It felt so...strange to have her own actions summed up and offered back to her in such a matter-of-fact way. But it did seem that Kol had the gist of what had happened. So, Bonnie nodded, not even trying to hide the frown that marred her face. Not only did they cut her off for doing something they didn't approve of, but they had forced her into doing things that she didn't actually want to do. She'd done some of the things she had because they had wanted her to, even thought they didn't explain the why.
"Up until that point I'd done what they'd wanted me to, though." Bonnie offered, though her tone conveyed that that hadn't exactly been happily so. He had told her that he needed full disclosure and all the info, so here it was. She was sharing, even if it felt....weird.
Bonnie wasn't exactly relaxing, but she did sit back against the bench and move to lift a leg up so that she could sit on it. "He did trick me. I didn't know what I was getting into really. All he told me was that it was another kind of magic, at first, and it was another way for me to help. I didn't know the risks."

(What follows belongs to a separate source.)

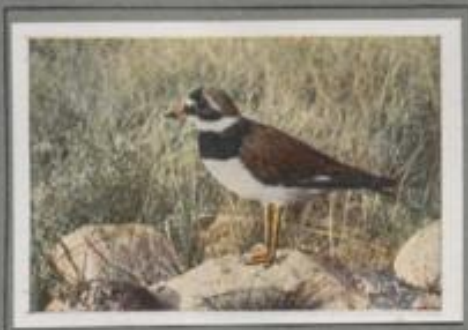
Der Sandregenpfeifer ( Charadrius hiaticula )

Er ist ein Küstenvogel, der nur selten den Flössen und Seen des Binnenlandes einen Besuch abstattet. In Deutschland lebt er als Brutvogel, doch auch im hohen Norden baut er sein Nest. Sein Ruf ist klingvoll: „Tüi, töi“, so lauten sie, wenn sie am Strand umherrennen. Wenn in den Spätsommermonaten die nach Africa ziehenden Vögel stillig rufen, rechnen die Küstenbewohner auf Regen, sie sind ihnen Wetterkates.
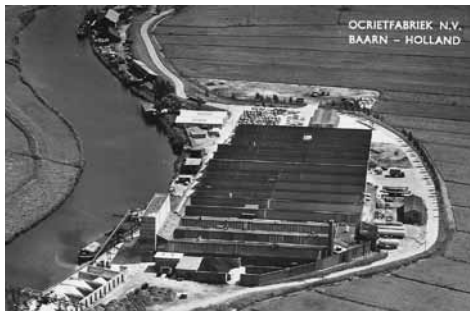
De indrukwekkende Ocrietfabriek in 1958, gezien vanuit het noorden

Ten noorden van Eembrugge, net over de gemeentegrens met Baarn, staan dan

The sad thing was, though, that even if he had laid the risks out....she would have been tempted to do it...and she knew that she would have at the very least seriously considered saying yes. And she even felt guilt, just a tad, for saying that. Maybe Kol didn't understand how empty it felt, but she still remembered. Not being able to call on that magic and not being able to feel the nature around her....it still kind of got to her sometimes, actually.
"I know that now." Bonnie repeated the words, and she did know that now. It would have been better if she'd known that at the time, though. Bonnie nodded, feeling a bit like a bobble head at the moment. Kol was putting pieces together pretty easily, but it was still her life, it was still things that she carried with her and had gone through. He needed to know, though, in order to help.
He had to ask the worst possible question for a Bennett witch, though. Or maybe it was just the worst question for THIS Bennett witch. "The guilt about my grams...a little, but I've heaped on more guilt about other things since then. It's just what I do. I feel like I should solve problems and help my friends and if I fail them in some way...or play a part in people I care about getting killed...." Bonnie gave a vague gesture, feeling like the rest was pretty self explanatory with the 'I blame myself' bit.
She carried the most guilt about her grams, Jeremy, and her father....but her mother was even there a little bit, even though she hadn't died unlike the others.